In anxiety disorders, an appreciable proportion of patients has been shown to respond favorably to placebo treatment [25]. This is also a known issue in placebo-controlled trials in the indication, and placebo response rates have been shown to even rise during the last decades [51]. The results of the individual studies and our meta-analyses in favor of Silexan are remarkably consistent.

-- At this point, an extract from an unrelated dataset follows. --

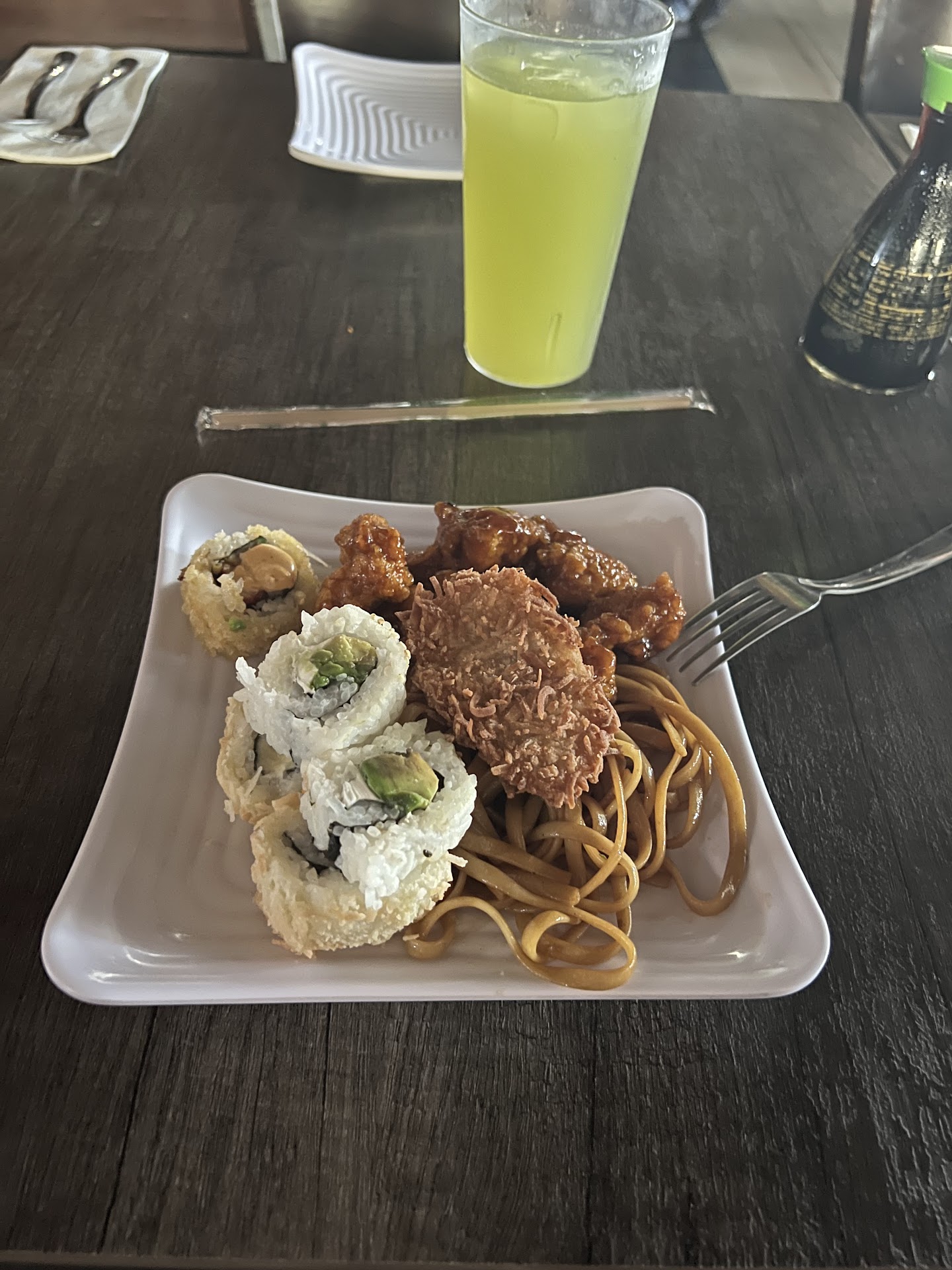 Read moreBien solo estuvimos un poco esperando había mucha gente, el mesero fue muy atento a cada momento nos ofrecía agua refil. Los sushis fritos son lo mejor, los postres deliciosos tienen mucha variedad de sushis,diría que demasiados,como 6 postres a elegir mi favorito fue el buñuelo el pudín la ensalada de frutas y la bolita que es como pan de dona con chocolate. De los guisos me encantó el res con salsa de ostión,los fideos chinos el pollo agridulce y el pollo con verduras y chile. La verdad faltan muchos más de res. Ese fue el único. Hay mucho pollo en diferentes cosas no vi platillos de cerdo y mucho menos hay mariscos solo en los sushis salmón camarón y surimi pero ni se sienten. Hay ramen pero sentí los nuddles demasiado masudos aguados, yo lo pedí con todo el caldo con más sabor es el de curri picante los otros están simples. Le echan como poquito de los ingredientes es como una probadita de ramen. Si quieres comer ramen aquí no es. Aquí es más para sushi y guisos de pollo. Tienen muchos complementos capeados que en realidad eso llena mucho la harina frita y quedas full. El ambiente es tranquilo musica bien bajita y las tvs no cosas interesantes. Las aguas frescas les faltó más frío no traían hielo. Y les falta una salsa más picante gracias si volvería a ir pero en meses después. El mesero super atento le dejé buena propina 👌🏼Aah por cierto si eres cumpleañero no hay promo di festejo con...

As a limitation of this work, all trials available for analysis were initiated by the manufacturer of Silexan and performed in one country (Germany). However, a number of reviews and meta-analyses of the effects of lavender preparations in general and of Silexan in particular has been published independently [15, 30, 54, 63], which underlines the scientific and clinical interest in the application of lavender oil preparations in and beyond anxiety disorders and the robustness and soundness of the results. Although there appears to be a general agreement among the authors that Silexan has a significant and clinically meaningful anxiolytic effect, further independent trials which would investigate the broad potential of its efficacy would be welcome. As a further potential limitation, it should be considered that the diagnoses of the enrolled patients differed between the individual trials. In one trial, participants suffering from mixed anxiety and depressive disorder were recruited [39]. However, in all included trials, patients had to fulfill an anxiety specific inclusion criterion (HAMA total score of ≥ 18 points).

In conclusion, our meta-analysis shows a clinically important anxiolytic effect of Silexan at the marketed dosage of 1 × 80 mg/day in subthreshold anxiety and anxiety disorders, with statistically significant superiority over placebo. A beneficial effect was consistently observed for observer-rated and for patient-reported anxiety, for overall mental condition, as well as for self-rated, disease-associated quality of life. Moreover, significant superiority of Silexan was also stable within several pre-specified subsets of subjects defined by demographic features and baseline characteristics. The analyses do not indicate a systematic, Silexan-associated risk of AEs above the placebo level.